Di-μ-chlorobis(1,5-cyclooctadiene) of iridium (I) and rhodium (I) ions are popular complexes which are employed in several homogenous catalytic reactions. They are mostly used as precursor catalysts in the development of catalytic systems for applications in different reactions well-reported in the literature [1]-[3]. The importance of these two complexes has attracted the attention to explore their structural and vibrational properties over the past years. A crystallographic study showed that both complexes retain D2h symmetry in the solid phase [4]-[6]. An infrared study on the assignments of ν(C=C), ν(M-Cl) and ν(M-olefin) vibrations [7] as well as the strength of metal-olefin bond interaction was also reported [8]. These studies showed that the molecular symmetry plays a role in understanding the electronic, structural properties as well as the catalytic activity. In the same sense, the symmetry of the diolefinic ligands used in complex build-up is essential in determining the symmetry of resulting complex. 1,5-cyclooctadiene (COD) was reported to have C2v symmetry in tub form but Ci in chair configuration [7] [8]. It commonly exits as C2v tub configuration in both liquid and solid states [7] for complexation, which results in D2h symmetry (Figure 1(a)) explained in literature for di-μ-chlorobis(1,5-cyclooctadiene) of both iridium (I), [Ir(µ-Cl)COD]2, and rhodium (I), [Rh(µ-Cl)COD]2 [7] [8]. Further analysis of the infrared and H-NMR spectra of the two complexes has been carried out, and the Raman spectra of the solid phase have been collected and interpreted. In this paper we highlight some of our findings which will be detailed in future in another article.

2. Experimental

The complex synthesis was carried out under an inert atmosphere with use of Schlenk-tube technique. All the chemicals used for this research work were purchased from Sigma Aldrich Chemicals and used without further purification while the solvents used in the synthesis were first purified using standard procedures and distilled under argon before use.

2.1. Synthesis of [Ir(µ-Cl)COD]2

6 mL of distilled water, 2.2 mL of isopropanol and 1.2 mL of 1,5-cyclooctadiene were measured into 50 mL two neck round bottomed flask.
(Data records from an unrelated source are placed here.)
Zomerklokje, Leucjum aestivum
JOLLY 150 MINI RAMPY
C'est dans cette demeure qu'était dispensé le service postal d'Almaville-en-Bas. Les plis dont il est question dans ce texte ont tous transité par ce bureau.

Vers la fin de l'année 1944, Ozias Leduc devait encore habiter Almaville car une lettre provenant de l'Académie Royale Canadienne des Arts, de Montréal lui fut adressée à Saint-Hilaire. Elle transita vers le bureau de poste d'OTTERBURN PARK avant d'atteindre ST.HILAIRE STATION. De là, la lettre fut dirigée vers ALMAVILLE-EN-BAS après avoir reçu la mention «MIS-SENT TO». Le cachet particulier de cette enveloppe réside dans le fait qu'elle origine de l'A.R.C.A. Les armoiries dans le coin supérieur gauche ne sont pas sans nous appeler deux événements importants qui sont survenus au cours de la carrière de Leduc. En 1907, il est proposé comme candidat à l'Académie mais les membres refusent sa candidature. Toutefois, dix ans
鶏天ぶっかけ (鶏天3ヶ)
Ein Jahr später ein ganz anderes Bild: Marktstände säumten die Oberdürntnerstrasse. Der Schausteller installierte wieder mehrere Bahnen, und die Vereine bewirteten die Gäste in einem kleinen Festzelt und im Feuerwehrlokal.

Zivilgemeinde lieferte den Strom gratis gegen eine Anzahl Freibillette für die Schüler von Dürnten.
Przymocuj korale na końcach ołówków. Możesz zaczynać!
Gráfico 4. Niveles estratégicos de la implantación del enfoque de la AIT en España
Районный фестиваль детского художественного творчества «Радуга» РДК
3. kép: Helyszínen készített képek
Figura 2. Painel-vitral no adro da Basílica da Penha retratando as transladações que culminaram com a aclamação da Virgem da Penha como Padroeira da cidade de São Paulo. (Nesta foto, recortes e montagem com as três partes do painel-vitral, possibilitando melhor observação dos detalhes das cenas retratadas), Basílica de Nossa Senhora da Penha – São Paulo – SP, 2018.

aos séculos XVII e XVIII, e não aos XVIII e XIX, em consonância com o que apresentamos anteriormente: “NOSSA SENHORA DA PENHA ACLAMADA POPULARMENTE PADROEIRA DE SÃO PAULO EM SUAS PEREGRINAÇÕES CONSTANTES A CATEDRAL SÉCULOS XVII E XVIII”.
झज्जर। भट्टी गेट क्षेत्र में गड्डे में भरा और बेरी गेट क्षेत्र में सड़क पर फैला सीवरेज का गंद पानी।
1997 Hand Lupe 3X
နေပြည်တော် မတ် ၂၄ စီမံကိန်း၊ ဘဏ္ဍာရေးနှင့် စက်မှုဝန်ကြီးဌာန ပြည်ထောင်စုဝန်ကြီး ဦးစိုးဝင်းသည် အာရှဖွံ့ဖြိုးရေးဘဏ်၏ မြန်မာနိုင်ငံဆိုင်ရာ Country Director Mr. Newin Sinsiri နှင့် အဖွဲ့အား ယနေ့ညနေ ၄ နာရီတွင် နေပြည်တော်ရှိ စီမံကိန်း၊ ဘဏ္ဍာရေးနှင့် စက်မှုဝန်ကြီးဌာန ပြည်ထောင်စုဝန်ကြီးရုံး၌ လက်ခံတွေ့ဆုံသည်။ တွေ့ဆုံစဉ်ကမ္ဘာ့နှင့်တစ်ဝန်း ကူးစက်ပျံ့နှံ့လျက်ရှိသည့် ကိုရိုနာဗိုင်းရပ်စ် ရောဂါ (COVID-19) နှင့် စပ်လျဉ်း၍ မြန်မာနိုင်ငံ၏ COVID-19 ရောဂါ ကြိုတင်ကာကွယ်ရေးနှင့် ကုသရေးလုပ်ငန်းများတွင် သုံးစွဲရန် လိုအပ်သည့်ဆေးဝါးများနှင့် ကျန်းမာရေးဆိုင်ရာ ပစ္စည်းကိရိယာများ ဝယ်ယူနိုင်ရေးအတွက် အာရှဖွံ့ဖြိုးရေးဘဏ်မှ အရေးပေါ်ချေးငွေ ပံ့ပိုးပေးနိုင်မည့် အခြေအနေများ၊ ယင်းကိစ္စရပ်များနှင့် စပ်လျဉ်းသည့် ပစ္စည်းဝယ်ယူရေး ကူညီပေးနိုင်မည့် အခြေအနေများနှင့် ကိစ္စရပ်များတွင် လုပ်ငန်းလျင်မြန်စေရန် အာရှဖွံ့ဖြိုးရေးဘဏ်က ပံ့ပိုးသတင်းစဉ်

The solvent mixture was first purged with argon after which a condenser was connected to the flask. Then, the mixture was refluxed for 1hour prior to the addition of 1 g of IrCl3 and further refluxed for 8 hours after the addition under strong stirring. The suspended liquid was removed via cannula and the cold methanol was added to red oil left to effect formation of red crystalline solid. The solid was later filtered, washed with cold methanol and dried under vacuum.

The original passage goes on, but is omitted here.